The overall goal of this indirect immunoflorescent assay is to optimize the localization and quantification of endogenous and exogenous centromere-kinetochore proteins, including centromere protein A and flag-tagged exogenous CENP-A proteins in human cells. This method can help answer key questions about how to identify and quantify centromere-kinetochore proteins. The main advantage of this technique is that it can be used to quanitfy different levels of centromere-kinetochore expression depending on the selected anaphase of interest.
18 hours after seeding, wash the cultured cells one time with PBS and add 500 microliters of reduced serum medium to each well of the six well polystyrene culture plate. Next, transfect the cells in each well with freshly prepared A and B mixture solution and incubate the cultures at 37 degrees Celsius and 5%carbon dioxide. After four and a half hours, change the medium to high glucose DMEM supplemented with FBS and antibiotics and return the plate to the cell culture incubator.
48 to 72 hours later, aspirate the cell culture medium and rinse the cells one time with PBS, adding the saline down the sides of the culture wells to avoid disturbing the cells. Then fix the cells with 4%paraformaldehyde for 30 minutes at 4 degrees Celsius. At the end of the fixation period, rinse the cells two times with Kb2 buffer and permeabilize the samples in Kb1 buffer for 30 minutes at room temperature.
Then rinse the cells one time with Kb2 buffer and block any non-specific binding with the addition of fresh Kb2 buffer. After five minutes at room temperature, use forceps to remove the seeded cover glasses from each of the wells, and use a hydrophobic barrier pen to draw hydrophobic barriers around each cover glass sample. Transfer the cover glasses into a new six well polystyrene plate and immerse the samples in the appropriate primary antibody for one hour at 37 degrees Celsius.
Then rinse the cells three times with Kb2 buffer and label them with the appropriate secondary antibody for another hour at 37 degrees Celsius. At the end of the incubation, rinse the samples with five 6 minute washes in Kb2 buffer. Then label the cell nuclei with Kb3 buffer containing DapE for five minutes at room temperature, followed by one to two washes in Kb2 buffer and refilling the wells with Kb2 buffer.
Now place a drop of mounting medium in the center of one microscope slide for each cover glass of cells, and remove any liquid from the cell samples. Finally, carefully place each sample onto the center of one of the prepared microscope slides, and remove any excess mounting medium with a paper towel. As observed in this representative experiment, the levels of endogenous CENP-A protein expression in the total cell lysates of CUL4A siRNA transfected cells were similar to the levels of CENP-A expression in Luciferase siRNA transfected cells.
Further, the protein levels of endogenous CENP-A in the total cell lysates of RBX1 siRNA transfected cells were similar to the endogenous CENP-A levels of the Luciferase siRNA transfected cells, suggesting the CUL4A RBX1 E3 ligase is required for the localization of CENP-A to the centromeres. CENP-A lysine mutants lose their ability to localize within the centromeres, suggesting that CENP-A K124 ubiquitylation is essential for the localization of CENP-A to the centromeres. Importantly, exogenous monoubiquitin fusion of CENP-A protein rescued the delocalization CENP-A K124R mutant, returning the protein to its centromeric location.

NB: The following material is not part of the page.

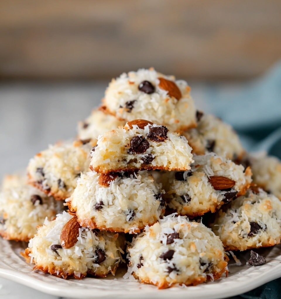 Almond Joy Cookies are a simple, delicious treat made with just four ingredients: sweetened coconut flakes, semi-sweet chocolate chips, lightly salted almonds, and sweetened condensed milk. These cookies combine classic flavors of coconut, chocolate, and almonds to create a rich, chewy cookie reminiscent of the classic Almond Joy candy bar. Perfect for quick baking, they are easy to make and ideal for satisfying your sweet tooth with minimal effort.

Once mastered, the cell fixation and immunoflourescent staining procedures can be completed in five to six hours if they are performed properly. Remember to gently apply all of the solutions onto the sides of the wells so that the cells won't be dislodged from their cover glasses when rinsing or immersing the samples. Don't forget that working with heated paraformaldehyde outside a ventilated room or that flammable materials near fire can be extremely hazardous and that the appropriate precautions should always be taken while performing this procedure.